Confusion Matrix

A confusion matrix is a table to evaluate the performance of a classification model. It allows visualization of the performance by comparing predicted labels with actual labels.

In Pekat there are two variations:

  • Overall evaluation confusion matrix

  • Classifier-specific confusion matrix

Predicted represents the application results

Actual represents the user-defined correct results

Evaluation confusion matrix

 

confusion show.png
TP=1; FP=1; FN=2; TN=1
  • True positive (TP) - A user classified the image as ok and the application evaluated the image as ok.

  • False positive (FP) - A user classified the image as ng but the application evaluated the image as OK.

  • False negative (FN) - A user classified the image as ok but the application evaluated the image as ng.

  • True negative (TN) - A user classified the image as ng and the application evaluated the image as ng.

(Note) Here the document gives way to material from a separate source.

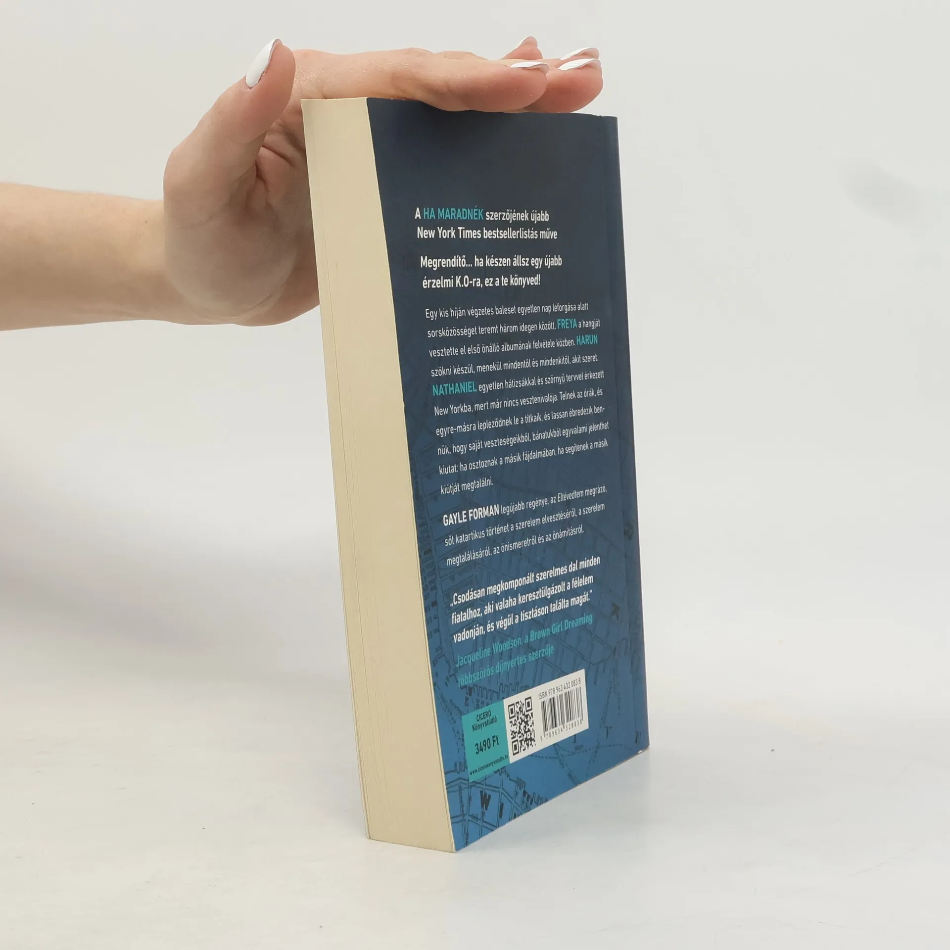A Ha maradnék szerzőjének újabb New York Times bestsellerlistás műve Megrendítő… ha készen állsz egy újabb érzelmi K.O.-ra, ez a te könyved! Egy kis híján végzetes baleset egyetlen nap leforgása alatt sorsközösséget teremt három idegen között. Freya a hangját vesztette el első önálló albumának felvétele közben. Harun szökni készül, menekül mindentől és mindenkitől, akit szeret. Nathaniel egyetlen hátizsákkal és szörnyű tervvel érkezett New Yorkba, mert már nincs vesztenivalója. Telnek az órák, és egyre-másra lepleződnek le a titkaik, és lassan ébredezik bennük, hogy saját veszteségeikből, bánatukból egyvalami jelenthet kiutat: ha osztoznak a másik fájdalmában, ha segítenek a másik kiútját megtalálni. Gayle Forman legújabb regénye, az Eltévedtem megrázó, sőt katartikus történet a szerelem elvesztéséről, a szerelem megtalálásáról, az önismeretről és az önámításról. “Csodásan megkomponált szerelmes dal minden fiatalhoz, aki valaha keresztülgázolt a félelem vadonján, és végül a tisztáson találta magát.” Jacqueline Woodson, a Brown Girl Dreaming többszörös díjnyertes szerzője

The matrix shows how many images ended up in each of those categories.

When you click on a specific cell of the confusion matrix, the images that ended up in that category will be shown in the image list on the right.

Classifier confusion matrix

confusion matrix.png

This matrix works the same way but can contain multiple different classes (as per the current classifier). In the image above you can notice 4 classes: Screw, Nut, Spring, Pad.

Again the table is representing the actual (user defined) and predicted (application evaluation) results and shows the corresponding amounts.

Clicking on Export creates and downloads a .xlms file with the same values as shown in the table.